Thursday, February 18, 2016

Is It True Blonds Have More Guns?

Now that the United States averages about one mass shooting a day matchmakers have taken note of the new trend of couples gunning down strangers en masse in order to deepen their relationships and blow off steam. As the internet replaces schools, neighborhoods and even the workplace as the place to find a date new websites are offering dating services that takes the individual’s preferences in armaments into consideration.

“If a man only has one bulge in his pants he ain’t for me.”

“You should have seen the bazookas the last gal I met on Aim For The Heart match site had.”

“All my life I’ve had a Colt between my fingers and between my legs. And now some town slicker wants me handling his Smith and Wesson on our first date?”

“Cupid ain’t taking down no Wyoming man with arrows. That red baby’s got to pack some real heat.”
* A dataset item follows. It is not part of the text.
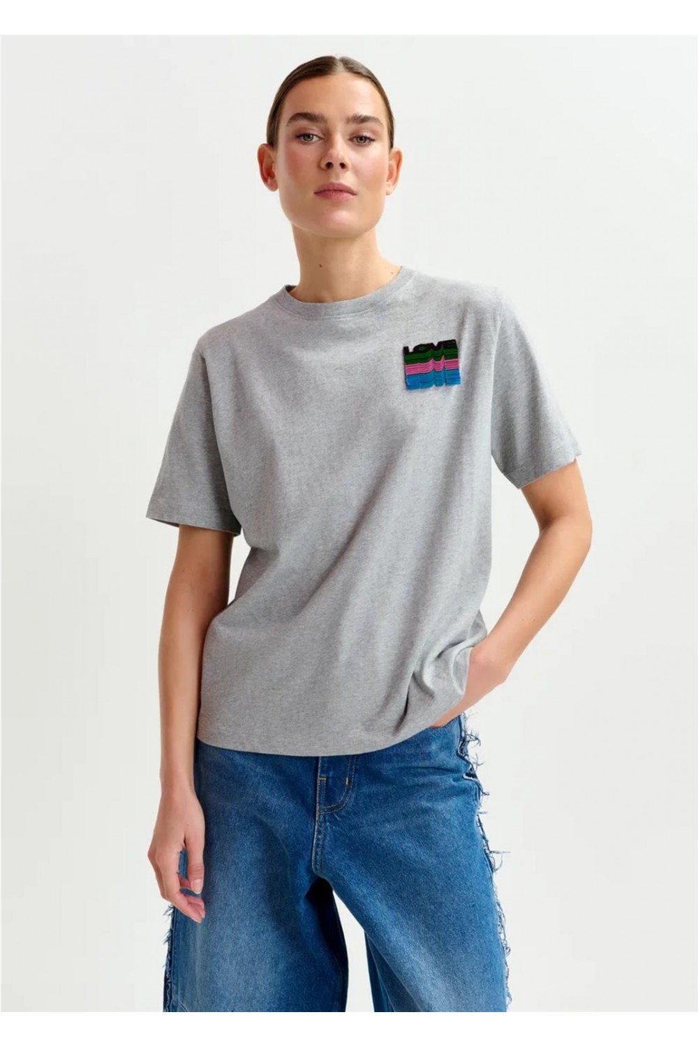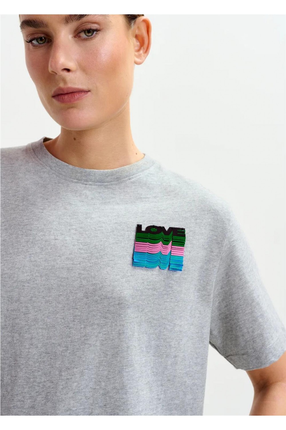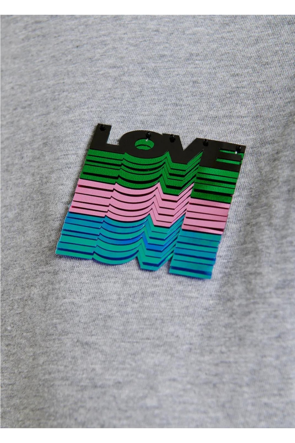 Camiseta de suave punto de algodón, con cuello redondo clásico y un ajuste relajado que garantiza comodidad para el día a día. Está adornada en el pecho con un vibrante bordado de lentejuelas que forma la palabra 'love', cuyo texto se difumina gradualmente hacia abajo. La prenda presenta un tejido de peso medio y no elástico. Composición: 100% algodón. Lentejuelas: 100% cloruro de polivinilo.
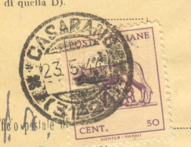 Storia postale ITALIA LUOGOTENENZA. Modulo delle Poste per il servizio pacchi, Lecce 20.05.1944. Ad assolvere l'importo dovuto (cent. 0,50) apposto (in luogo di segnatasse) un esemplare del cent. 50 lilla, tipo Lupa Capitolina, senza filigrana (Sassone 515A). Ottima qualità . (Rif.C9069)

“I don’t want a man with a lot of guns. I want a man with one big gun and who knows how to use it.”

Don Arrup
Satire1

Sunday, February 14, 2016

Secret Loves

Who knows what secrets lurk in the hearts of candidates? Satire1 knows:

Hillary Clinton
I love Bernie Sanders and his pants down Socialism. Give us this day our daily bread tickets, deliver us from debt and turn banks into penny arcades. There are enough houses and apartments that are empty investment instruments to house the homeless. Who cares? Half are owned by the Chinese anyway.

Bernie Sanders
I’ve got to pull Hill down into my rumpled tweed valley and do something-anything! with her hair.  

Jeb Bush
Why doesn’t Donald love me? I’m rich. I dress well. I’m powerful. Have great eyebrows. At first I thought he was playing hard to get and I liked it but now I fear Texas Ted is cruising in on my man! Trumped of Trump by Texas Ted!

Ben Carson
I need to operate on my rivals heads. These fools think they have a chance with Donald. They’re deluded to the point of lobotomy. Donald needs a quiet man.

Ted Cruz
Don thinks he’s had me but he’s never had a Cuban Canadian Texas cigar. I’ve been rolling myself for years just to be puffed on by DT.

Marco Rubio
I’m the pretty one. I’m the young one. I look young enough to be raped by a priest. And they think that Donald is going to choose them over me. The convention is already over. You’re ugly. You’re stupid. You’re Texas. You’re Bush. Go home now.

Donald Trump
They’re all in love with me. Why else would they run and make fools of themselves? Just to be near me. On stage with me. Just so I’ll notice them.They think that the squirming and sweating I put them through in front of the entire world somehow constitutes a sexual act. Like I defiled them or deflowered them when in reality I just spat on them and dismissed them. I’m not their dominatrix. I don’t wear hip high spike heeled black paten leather boots even though I would look great in them.

Happy Righteous Valentine’s Day

Don Arrup
Satire1 

Tuesday, February 2, 2016

A Jew, a Hispanic, a Billionaire and a Woman Walk into a Caucus...

And the bartender asks: So where's the Mormon and the black guy?